We can use this information to create tables behaving the way you describe, while retaining all the original information.
table(as.factor(include.missings(df2$a)), df2$g)
#
# C K M Y
# Blue 0 0 1 2
# Red 1 0 0 3
# Green 2 1 2 0
# *Don't know/Not sure 0 0 0 1
# *Refused 1 1 2 0
# *Unknown 0 0 3 0
table(as.factor(df2$a), df2$g)
#
# C K M Y
# Blue 0 0 1 2
# Red 1 0 0 3
# Green 2 1 2 0
table(as.factor(df2$a), df2$g, useNA="always")
#
# C K M Y <NA>
# Blue 0 0 1 2 0
# Red 1 0 0 3 0
# Green 2 1 2 0 0
# <NA> 1 1 5 1 0
缺少数据的数字列表的行为相同.
The tables for the numeric column with missing data behaves the same way.

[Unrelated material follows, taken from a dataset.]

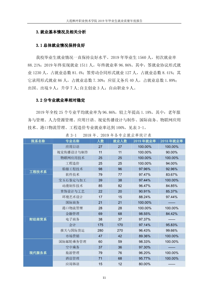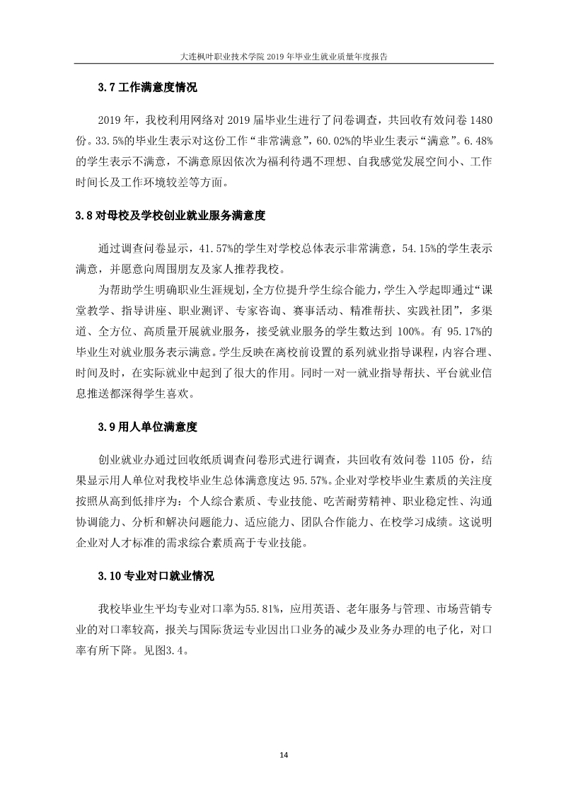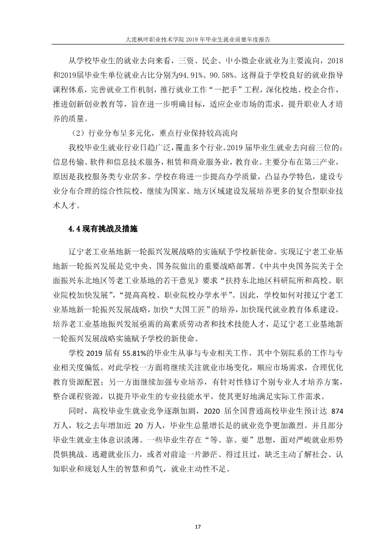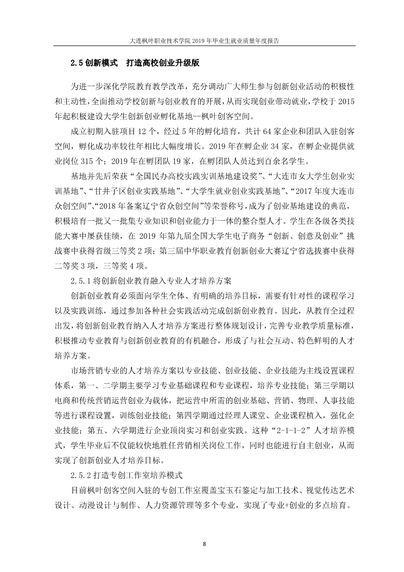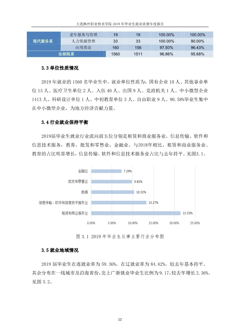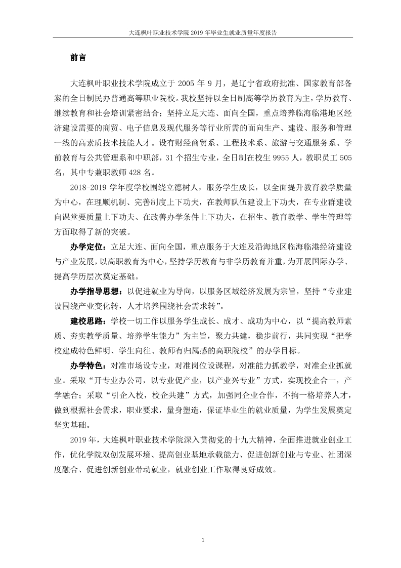 大连枫叶职业技术学院2019年毕业生就业质量年度报告
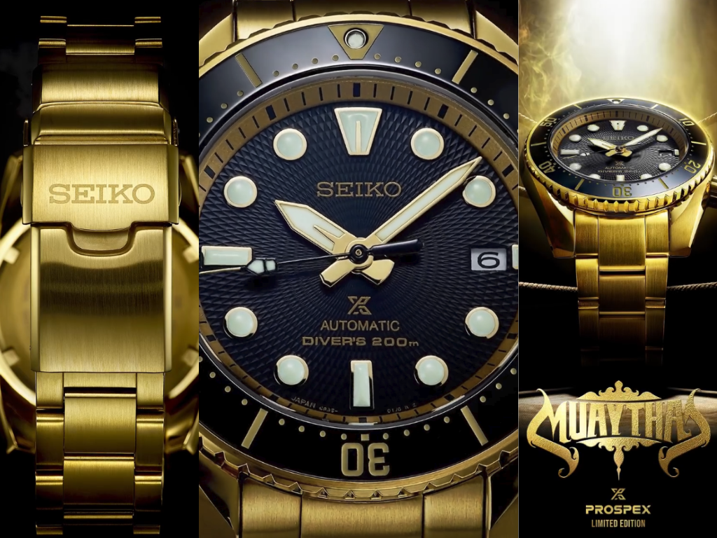 Seiko La Tailandia ha ora rivelato completamente l'edizione limitata Prospex Muay Thai che aveva stuzzicato in precedenzae l'orologio finale risulta essere un audace subacqueo interamente in oro, costruito intorno a un quadrante nero testurizzato e a un bracciale d'oro abbinato.

table(as.factor(include.missings(df2$b)), df2$g)
#
# C K M Y
# 1 0 0 0 0
# 2 0 0 4 0
# 3 0 2 0 2
# *77 0 0 2 2
# *88 2 0 0 0
# *99 2 0 2 2
table(as.factor(df2$b), df2$g, useNA="always")
#
# C K M Y <NA>
# 1 0 0 0 0 0
# 2 0 0 4 0 0
# 3 0 2 0 2 0
# <NA> 4 0 4 4 0
作为奖励,您可以轻松生成codebook
s:
As a bonus, you get the facility to generate nice codebook
s:
> codebook(df2$a)
========================================================================
df2$a
------------------------------------------------------------------------
Storage mode: character
Measurement: nominal
Missing values: 77, 88, 99
Values and labels N Percent
1 'Blue' 3 25.0 15.0
2 'Red' 4 33.3 20.0
3 'Green' 5 41.7 25.0
77 M 'Don't know/Not sure' 1 5.0
88 M 'Refused' 4 20.0
99 M 'Unknown' 3 15.0
但是,我也建议您阅读评论 @ Maxim.K,了解真正构成缺失值的原因.
However, I do also suggest you read the comment from @Maxim.K about what really constitutes missing values.
这篇关于指定不同类型的缺失值(NA)的文章就介绍到这了,希望我们推荐的答案对大家有所帮助,也希望大家多多支持IT屋!